Là où le débat mène en fait c'est à la question de l'humanité. Qu'est-ce qui est acceptable, supportable, en un mot humain ? Ou ne l'est pas ?

Là encore, pour éviter le débat est brandit le respect de « la loi ». Dura lex, sed lex, comme disaient certains Romains de l'Antiquité attachés à la légalité : « la loi est dure, mais c'est la loi ».

Mais, la loi est-elle toujours juste ? Et elle est toujours modifiable.

Si quelqu'un se met hors la loi, il doit être sanctionné. Mais si le hors la loi est ton frère ? Ça devient nettement plus difficile, voire carrément insupportable, d'accepter de lui voir appliquer la loi.

Jésus a dit : « tous les hommes sont frères ». Quand on parle de papiers et expulsions, le terrain commence ici à être glissant pour ceux qui brandissent les principes « légaux » et oublient les sentiments. Car les lycéens et lycéennes qui manifestent ont vu que Leonarda et Khatchik sont leur sœur, leur frère, des jeunes comme eux.

Alors, pour justifier la chasse aux jeunes sans papiers, on fait appel à un autre discours : les parents de Leonarda sont menteurs, feignants, chapardeurs. Khatchik a volé dans un magasin. Mais, si Leonarda avait pour parents Jack l’Éventreur et Cruella d'Enfer, en quoi serait-elle coupable des méfaits commis par eux ? En fait, ces précisions sur ses parents ont un caractère raciste. Elles sous-entendent : tel père, telle mère, telle fille. Comme chacun sait : « qui veut noyer son chien l'accuse de rage ». Là c'est pitoyable, on accuse les parents de rage, sous-entendant que la petite a hérité de ses parents. On pense aux discours collaborationnistes tenus sous l'Occupation à propos des populations victimes de persécutions raciales. Et si Khatchik a piqué quelque chose, est-ce une raison pour l'envoyer pour deux ou trois ans en prison en Arménie comme déserteur ?

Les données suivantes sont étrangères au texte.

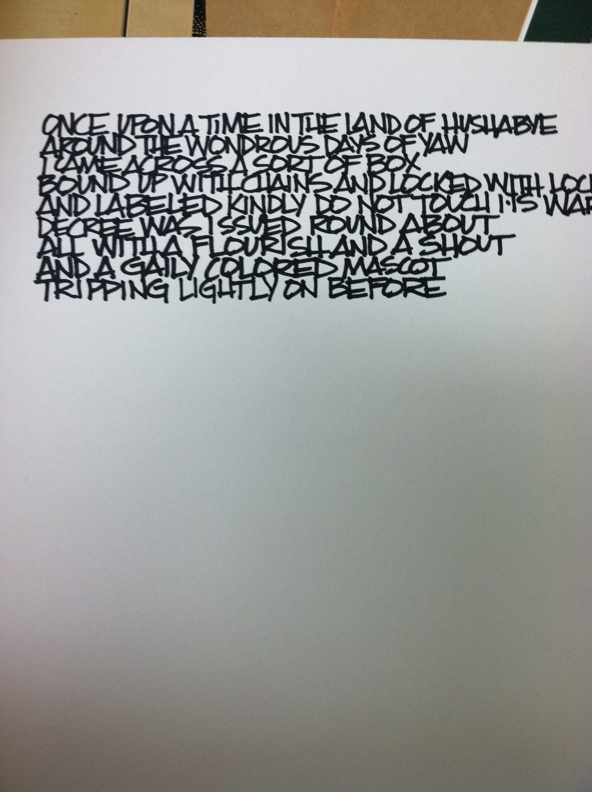 I am working on an application for a national show, and I wanted a different piece for my portfolio. I scanned through the ideas in my journal, and The Box popped back into my head. I wanted something different that brought a different look into the pieces I was submitting for the show. So began writing the text as my original notes suggested. Bad Idea.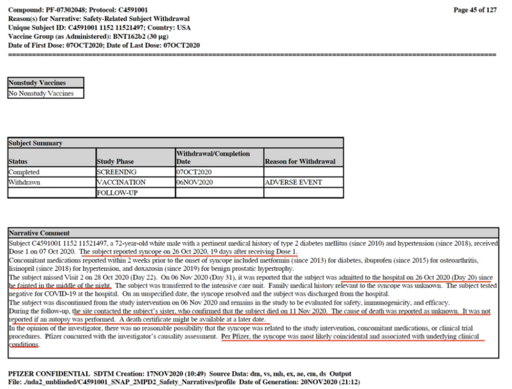 A third deceased participant was a 72 year-old man known as subject #11521497, who received the first vaccine dose on October 7th and 19 days later, on October 26th, was admitted to hospital because “he fainted in the middle of the night”. Reported as a syncope (temporary loss of consciousness usually related to insufficient blood flow to the brain), 16 days later, on November 11th, he died. The investigator claimed there was “no reasonable possibility that the syncope was related to the study intervention” and Pfizer said the syncope was “most likely coincidental”. But again, it’s unclear what this assessment is based on as the cause of death was reported as “unknown” and neither the investigator nor Pfizer attempted to investigate.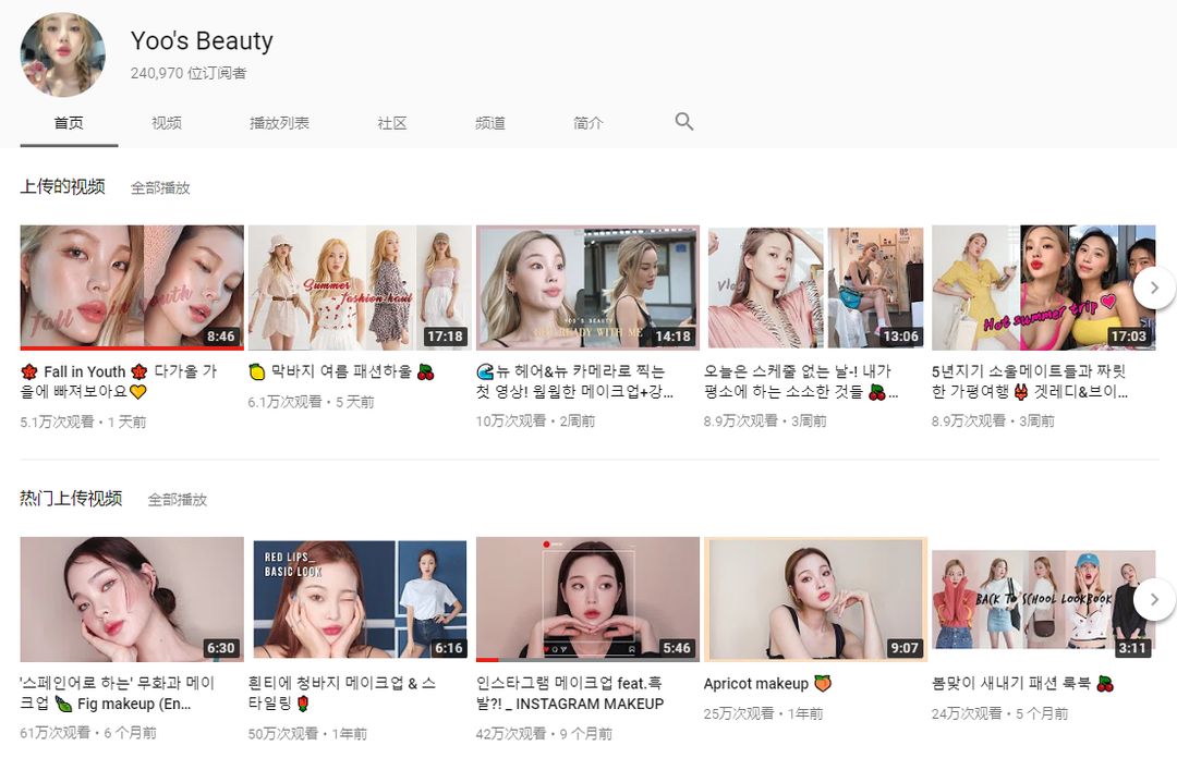 还有一位就是超特别的Yoo——韩国美妆博主Yoo是完完全全的单眼皮小眼睛、塌鼻梁、长脸蛋、厚嘴唇,可是这样不完美的五官集合在一起却出乎意料的和谐耐看。Yoo不仅长相让人感觉舒服,化妆手法也是轻柔细致,看她的妆教视频仿佛是一种享受,而且能学到不少修饰五官的化妆手法。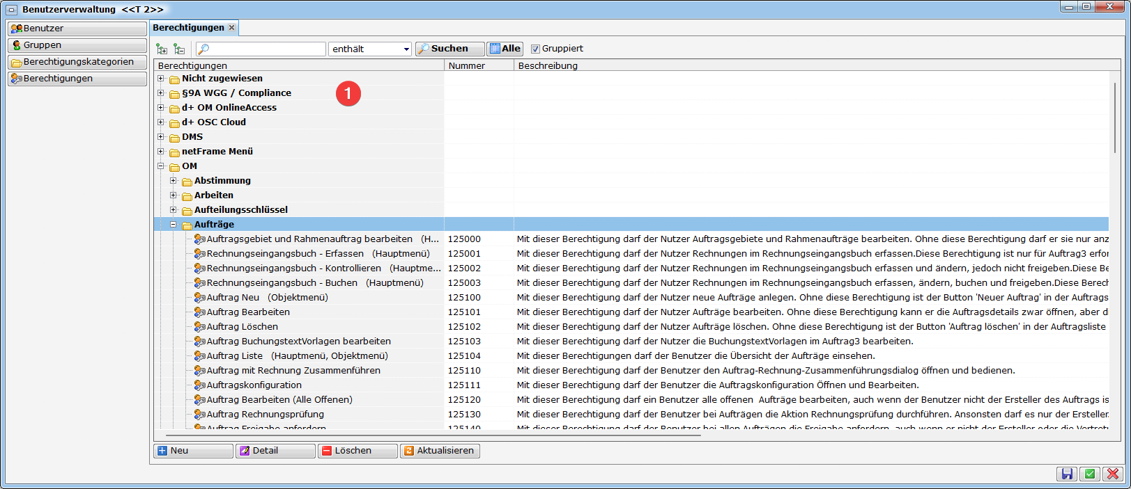 Nummer: Über dieses Feld kann der Berechtigung eine beliebige Nummer zugewiesen werden.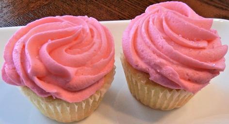 Keywords: cupcakes pink frosting white cake food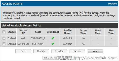 DSR-1000N 無線網路最多可以設定4組 AP,每組 AP可擁有專屬的安全性設定,同時不同 AP 間的裝置也無法直接互相連線,可以保護不同網路的安全。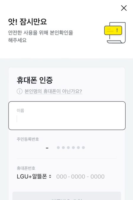 6. 안전한 이용을 위해 본인 확인 절차가 필요합니다. 화면에 나타나는 안내에 따라 정확하게 입력해 주세요.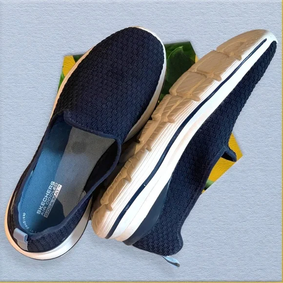 SKECHERS AIR-COOLED GoGa Mat Stretch Fit Slip On Sneakers Blue Women’s Size 10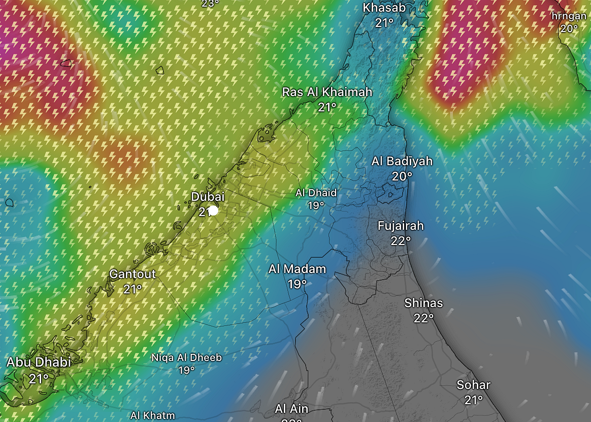 After midnight, the UAE is expected to see the first main wave of unstable weather affect Abu Dhabi and Dubai, bringing rainfall that could be heavy at times.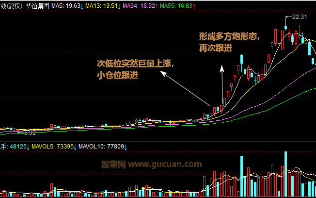 因此今后遇到底部突然放巨量的情況時(shí),切忌盲目介入,應該先將其列入股票池進(jìn)行跟蹤觀(guān)察,如果股票直接連續放量且站上重要支撐位置, 則可考慮伺機介入,如果股票很快便恢復平靜且長(cháng)時(shí)間沒(méi)有動(dòng)作便可取消其跟蹤行動(dòng),如果第-次放巨量后不久股價(jià)出現明顯異動(dòng),這時(shí)應該在股價(jià)站上重要支撐位后快速介入,短期收益應該不小,如上圖的正和股份便可在再次放量后站上所有短期均線(xiàn)時(shí)快速介入,短期收益超乎想象。

Aujourd'hui, c'est le début des vacances scolaires de la Toussaint. Après deux jours de manifestations, les lycéens sont en vacances. Le gouvernement espère que la rentrée sera calme. Avec quelques cars de police devant les lycées, il pense que le calme continuera et sera assuré. Rien n'est moins sûr. A la fin des événements de mai et juin 1968, on se disait dans ma famille : « ce n'est pas possible que le mouvement s'arrête. Ça reprendra en octobre ». Ce mouvement a effectivement repris en octobre, mais pas en octobre 1968 mais 2013. On s'est juste trompé de 45 ans.